Well, I'm bringin' the old barbershop chair, cases of tequila, lime juice and triple sec for margarita in your mouth shots!!!


----------



## SierraCook (Dec 9, 2005)

Thanks for organizing the party, luvs.  I can bring the appetizers:  

Thai Shrimp Skewers
Spicy Shrimp Crostini
Wild Rice and Scallion Pancakes with Avocado Lime Salsa
Gingered Chicken Cakes wtih Cilantro-Lime Mayonnaise
Pesto Cherry Tomatoes
Marinated Chile Mushrooms

These are some of my favorite recipes to bring to holiday parties.


----------



## buckytom (Dec 9, 2005)

thanks 'bug, pdswife, and urmaniac. i'll be there with bells on. besides ken, we'll need madirite at the door, ronjohn serving libations, andy m. paying off the police outside, erik and "the chair", home chef charming the ladies, michael/ftw on karaoke, gb taking pictures of it all, and of course, the one, the only, the incomparable deadly sushi as emcee.


----------



## Home chef (Dec 9, 2005)

Thanks Bucky. I'm so glad to be included in the party!

I've been working on a variation of the rec posted last month for drunken apples. I'll bring that along with my 1950's collection of lounge music.


----------



## urmaniac13 (Dec 9, 2005)

Very good point, bucky!! We also forgot Wasabi as a Hula dancer!!

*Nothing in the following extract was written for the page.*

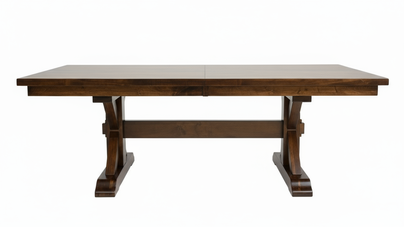 This Amish-made trestle dining table is handcrafted in the USA from 100% solid hardwood. The bold double-pedestal base provides exceptional stability, while the rich hand-applied finish highlights the natural beauty of real wood. Built for everyday meals and holiday gatherings, this table is heirloom quality you can enjoy for generations.
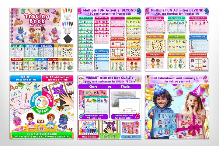 Дизайн карточек товара для Амазон - детская развивающая книга Tacing Book от Curious to Learn

Oh, and (how could I forget!!) make sure to bring along your lad, too... I would love to meet him!!


----------



## luvs (Dec 9, 2005)

i'm bringing 'a Christmas Story'!


----------



## thier1754 (Dec 10, 2005)

May I come?  I'll bring the fiddle and play carols.


----------



## cartwheelmac (Dec 11, 2005)

Their1754 I'll play the piano with you! And I will bring my famous Chocolate Cake!

 Cameron


----------



## Home chef (Dec 11, 2005)

So wher will this event take place? I'm thinking about an elegant hotel ballroom. There will be plenty of waiters / waitresses pouring drinks and dolling out food made by the members. I'd really like to see Alton Brown in a Hawaiian shirt and drinking egg nog (Yuk!). Maybe Rachel Ray and her "Sweetie" could stay for 30 minutes LOL.


----------



## mudbug (Dec 11, 2005)

I will wear a slinky black dress and elbow-length gloves, but will make everyone feel my biceps after working out for almost a year.


----------



## pdswife (Dec 11, 2005)

I'll be wearing jeans and an over sized sweater to hide what's happened to my tummy after NOT exercising a bit in the last two months!


----------



## wasabi (Dec 11, 2005)

*I'll do the hula and bring a pineapple upsidedown cake.*


----------



## cara (Dec 12, 2005)

do need/want something from Germany?
Lebkuchen, Spekulatius, Lübecker Marzipan?


----------



## Maidrite (Dec 12, 2005)

I will bring Barbara, Orange Cake, Calabash Shimp fresh of course, Not me Silly the Shrimp ! And Fountain Drinks, Theres a cow down the road if we need one, DO you think they will miss it ?  
Oh well once some of you see me dance you will have a cow anyway    Let the Party Begin !


----------



## urmaniac13 (Dec 12, 2005)

I am sure you will woo the heck out of the ladies with your dirty dancing, James!!   

Hubba, hubba, hubba....


----------



## Raven (Dec 12, 2005)

I just pulled a batch of Gingerbread Men and 2 Applesauce Cakes (1 with and 1 without walnuts) out of the oven!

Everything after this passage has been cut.